## Task to carry out
The listing below should be printed exactly, though its pictures must not be.

## Dataset extract
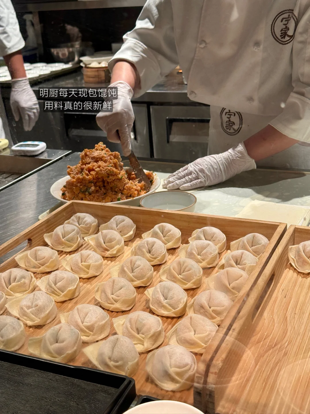 在南京德基,除了排队没有缺点! 是那种很温馨的家烧台州菜 环境很适合请人吃饭!明厨现点现做,很有烟火气! · 经常吃的 ✔️宁家烧膏蟹 ✔️海肠韭菜釜饭 ✔️芝麻糯米年糕 ✔️宁家海胆大馄饨 ✔️宁家膏蟹烧豆面 · 这个季节的蟹,蟹黄和蟹膏好饱满! 尤其是宁家膏蟹烧豆面,真的很爱台州的手工豆面!豆面软糯吸满汤汁! 芝麻糯米年糕,香糯香糯的,芝麻味浓郁,记得趁热吃! 宁家海胆大馄饨,都是现包现蒸的!海胆馅的,特别鲜! · 📍宁家十職(南京德基店) 南京南京旅游攻略南京德基台州点心台州海鲜宁家十职南京美食南京新街口
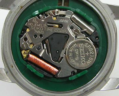 綺麗になったケースにムーブメントを戻して電池格納部をチェックします。
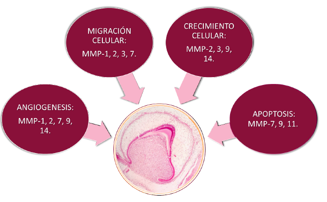 Relación de las Metaloproteinasas con la Odontogenesis. Observamos la influencia de las MMP en el desarrollo dentario, encontrando a MMP-2 o MMP-9 involucrados en todas las etapas

## Task output
 在南京德基,除了排队没有缺点! 是那种很温馨的家烧台州菜 环境很适合请人吃饭!明厨现点现做,很有烟火气! · 经常吃的 ✔️宁家烧膏蟹 ✔️海肠韭菜釜饭 ✔️芝麻糯米年糕 ✔️宁家海胆大馄饨 ✔️宁家膏蟹烧豆面 · 这个季节的蟹,蟹黄和蟹膏好饱满! 尤其是宁家膏蟹烧豆面,真的很爱台州的手工豆面!豆面软糯吸满汤汁! 芝麻糯米年糕,香糯香糯的,芝麻味浓郁,记得趁热吃! 宁家海胆大馄饨,都是现包现蒸的!海胆馅的,特别鲜! · 📍宁家十職(南京德基店) 南京南京旅游攻略南京德基台州点心台州海鲜宁家十职南京美食南京新街口
 綺麗になったケースにムーブメントを戻して電池格納部をチェックします。
 Relación de las Metaloproteinasas con la Odontogenesis. Observamos la influencia de las MMP en el desarrollo dentario, encontrando a MMP-2 o MMP-9 involucrados en todas las etapas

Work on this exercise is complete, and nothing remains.